Assignment: Data follows below. Repeat exactly the lines between the line holding "第三步:选择符号东西添加图形" and the line holding "Με βάση ένα", inclusive, and nothing more; drop pictures.

Records provided:
╭──

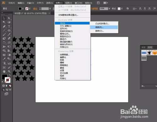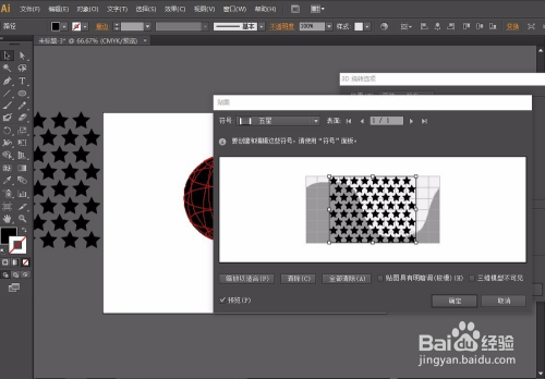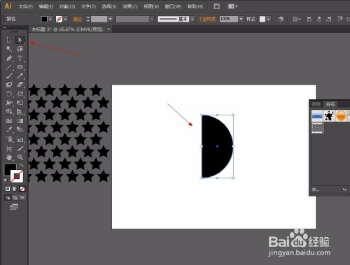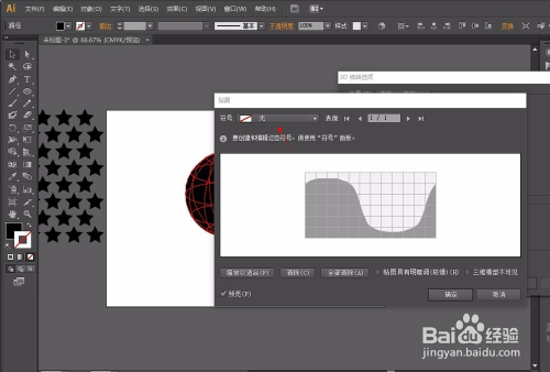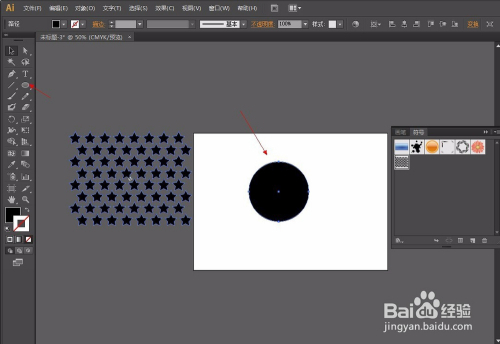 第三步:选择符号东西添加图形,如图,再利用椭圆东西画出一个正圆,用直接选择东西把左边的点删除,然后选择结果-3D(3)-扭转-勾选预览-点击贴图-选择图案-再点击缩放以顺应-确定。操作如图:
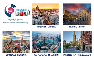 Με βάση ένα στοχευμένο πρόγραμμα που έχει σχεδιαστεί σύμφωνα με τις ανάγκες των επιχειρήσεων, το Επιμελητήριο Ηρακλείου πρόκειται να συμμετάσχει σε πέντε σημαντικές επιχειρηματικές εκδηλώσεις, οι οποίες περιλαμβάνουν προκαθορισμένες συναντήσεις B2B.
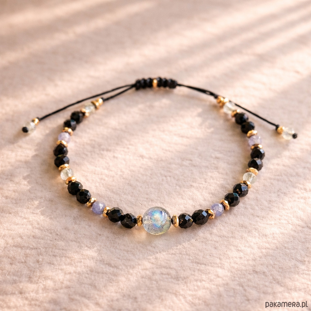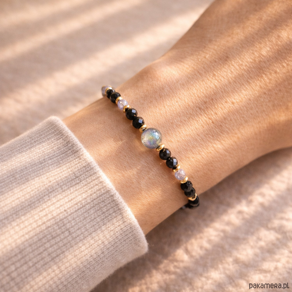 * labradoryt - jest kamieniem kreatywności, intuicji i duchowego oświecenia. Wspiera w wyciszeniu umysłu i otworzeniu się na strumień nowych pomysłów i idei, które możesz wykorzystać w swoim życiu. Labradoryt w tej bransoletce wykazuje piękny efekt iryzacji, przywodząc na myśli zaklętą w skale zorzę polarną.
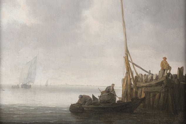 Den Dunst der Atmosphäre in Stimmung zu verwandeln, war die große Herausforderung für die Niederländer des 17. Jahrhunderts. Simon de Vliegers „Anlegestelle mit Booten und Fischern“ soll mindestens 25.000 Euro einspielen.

╰──
╭──

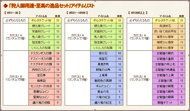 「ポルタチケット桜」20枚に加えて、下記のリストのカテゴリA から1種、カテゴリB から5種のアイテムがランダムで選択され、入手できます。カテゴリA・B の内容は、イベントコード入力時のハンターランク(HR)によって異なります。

╰──

Answer to the problem:
 第三步:选择符号东西添加图形,如图,再利用椭圆东西画出一个正圆,用直接选择东西把左边的点删除,然后选择结果-3D(3)-扭转-勾选预览-点击贴图-选择图案-再点击缩放以顺应-确定。操作如图:
 Με βάση ένα στοχευμένο πρόγραμμα που έχει σχεδιαστεί σύμφωνα με τις ανάγκες των επιχειρήσεων, το Επιμελητήριο Ηρακλείου πρόκειται να συμμετάσχει σε πέντε σημαντικές επιχειρηματικές εκδηλώσεις, οι οποίες περιλαμβάνουν προκαθορισμένες συναντήσεις B2B.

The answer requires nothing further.